掲載日 : [2006-12-06] 照会数 : 8652
<金剛学園特集>「変わる」「変える」 07年夏、新キャンパスへ
[ バスケットボールの公式コートを確保している体育館(完成予想図) ]
広さ約3倍の好立地に
狭い古い 負のイメージ一新へ
学校法人金剛学園(金漢翊理事長、 平海校長)=大阪市西成区梅南=が07年夏、待ちに待った新キャンパスに移る。移転先の大阪市住之江区南港コスモスクェアは通称「海の新都市」とも呼ばれている。海に囲まれた緑豊かで自然環境にも恵まれる立地環境は、東京でいえばお台場を思わせる。情報の発信、経済、文化の要となる施設が整備され、国際学校を目指す金剛学園に相応しい。通学時間も鶴橋から電車で30分以内と恵まれている。移転が金剛学園の新たな飛躍の担保となることが期待されている。
教育環境が改善
移転先の敷地面積は8703平方㍍。これは現校舎の2・7倍に相当する。運動場は現在の4倍の広さになる。旧敷地では直線トラック50㍍だったのが100㍍に延びる。
新校舎は鉄筋コンクリート4階建て。延べ床面積は4500平方㍍。建物については公共事業の立ち退き補償の性格から現行の機能回復を目的にしているため、現在の規模と同程度になる。体育館は2階建て。バスケットボールの公式コートの広さを確保している。

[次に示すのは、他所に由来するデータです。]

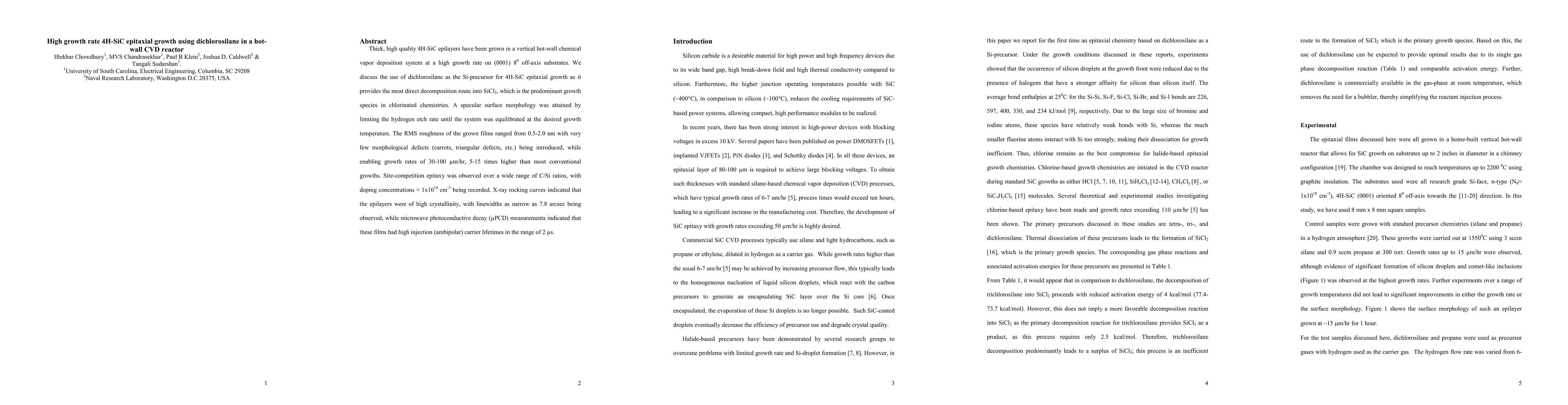 This paper reports high growth rate 4H-SiC epitaxial growth using dichlorosilane in a hot-wall CVD reactor, achieving rates 5-15 times higher than conventional methods with minimal defects and high crystallinity. The epilayers exhibit RMS roughness of 0.5-2.0 nm and high injection carrier lifetimes of 2 \mus.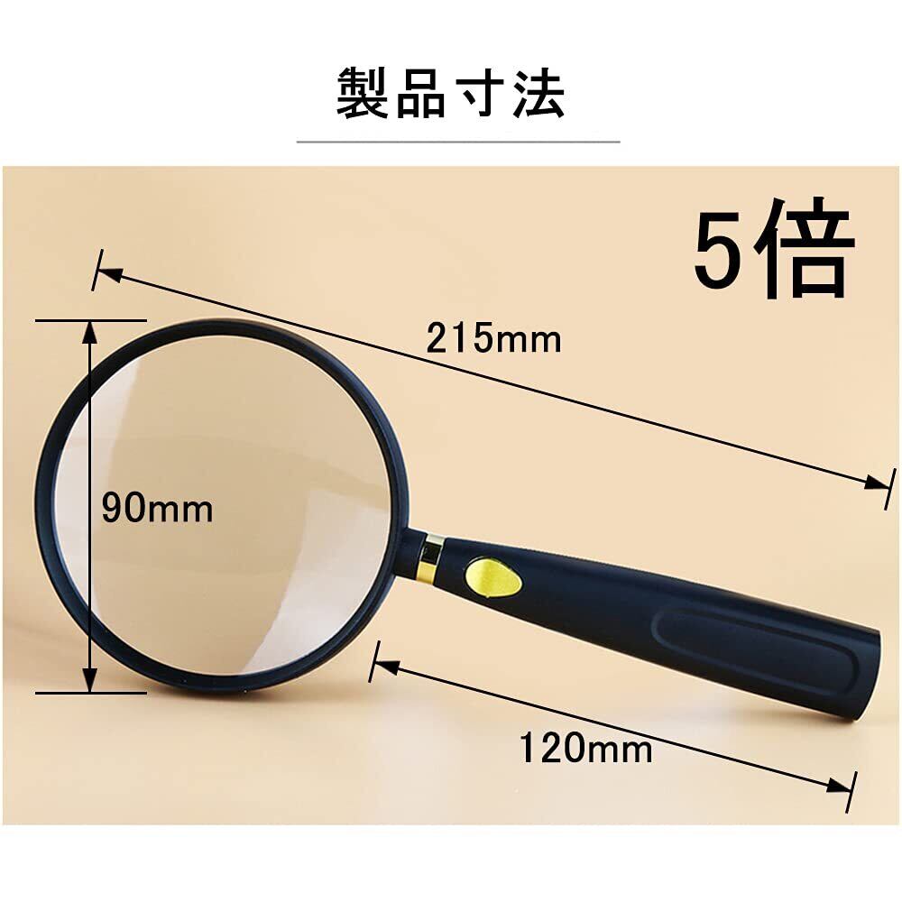 拡大鏡 手持ちルーペ 読書ルーペ 虫眼鏡 拡大レンズ 老眼 90mm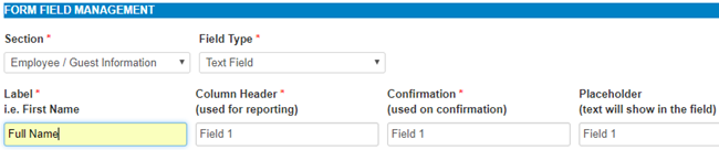 Once you select the edit icon, you are in the FORM FIELD MANAGEMENT:

周囲は海と豊かな自然に囲まれ、野鳥園は徒歩で通える範囲内。近隣にはアジアトレードセンターがある。同学園の鄭文植事務長は「教育環境が変わることで人間としてどう変わるのか楽しみ。きっともっと勉強しよう、アジアから世界に羽ばたこうという人材がでてくるはず。国際学校をめざす金剛学園に相応しい」と期待している。
生徒数が増加傾向にあるだけに、その受け皿として将来的には隣接地1万2297平方㍍を買収して教室数を2倍に増やし、寄宿舎も設置するなど、学校本来の機能を拡充していこうとの計画もあるという。これは自立経営という観点からも避けて通れない。
移転費用3億円
金剛学園が移転を迫られるようになったのは、大阪市の都市計画実施に伴い、小学校の現校舎全体が計画道路「加島天下茶屋線」に収用されるようになったためだ。事業は96年10月9日に認可され、金剛学園は当初、06年中の立ち退きを迫られていた。

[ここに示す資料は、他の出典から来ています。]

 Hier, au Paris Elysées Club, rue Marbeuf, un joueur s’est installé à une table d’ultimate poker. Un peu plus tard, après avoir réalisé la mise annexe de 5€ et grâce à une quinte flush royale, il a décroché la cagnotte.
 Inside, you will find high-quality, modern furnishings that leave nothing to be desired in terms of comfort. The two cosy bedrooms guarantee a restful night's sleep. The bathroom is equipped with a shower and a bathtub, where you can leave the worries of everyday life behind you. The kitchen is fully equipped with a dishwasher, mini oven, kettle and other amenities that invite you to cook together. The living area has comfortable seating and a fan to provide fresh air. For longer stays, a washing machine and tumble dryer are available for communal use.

これに対して一部理事からは「移転は我々が望んだものではない。新校舎そのものを市が補償するべきだ」とする意見もあった。だが、金剛学園としても現校舎が建立から50年を経て雨漏りがするなど老朽化していること、耐震性にも問題があり、最終的に移転を選択せざるをえない事情があった。
理事会では北津守、南港、八尾南高校の3つの移転候補地を現地調査した結果、南港がITインフラが整い、「産学連携の研究開発拠点の形成」をめざしているなど、韓国系国際学校を目指す同学園の移転予定地として最適と判断した。
ただし、大阪市が示した機能回復の公共補償費用は9億5330万円。減耗費などを差し引くと8億1200万円が支払い額だった。設計事務所の概算見積額9億8800万円に対して1億7600万円の不足額が生じる。新しい什器備品を購入したり、冷暖房設備などの環境整備も考慮に入れれば2億5000万円〜3億円余りが不足する計算だ。
理事会ではこの不足分について「みんなで助け合おう」(崔長煕理事・民団西成支部支団長)と呼びかけている。
金剛学園とは
1946年4月に西成朝鮮人学校として開校。約60年の間、5000人におよぶ卒業生を輩出してきた。近年は、韓国と日本、そして世界を結び21世紀の国際社会で活躍する人材を育成する国際学校を目指している。生徒数は小中高合わせて349人(06年11月7日現在)。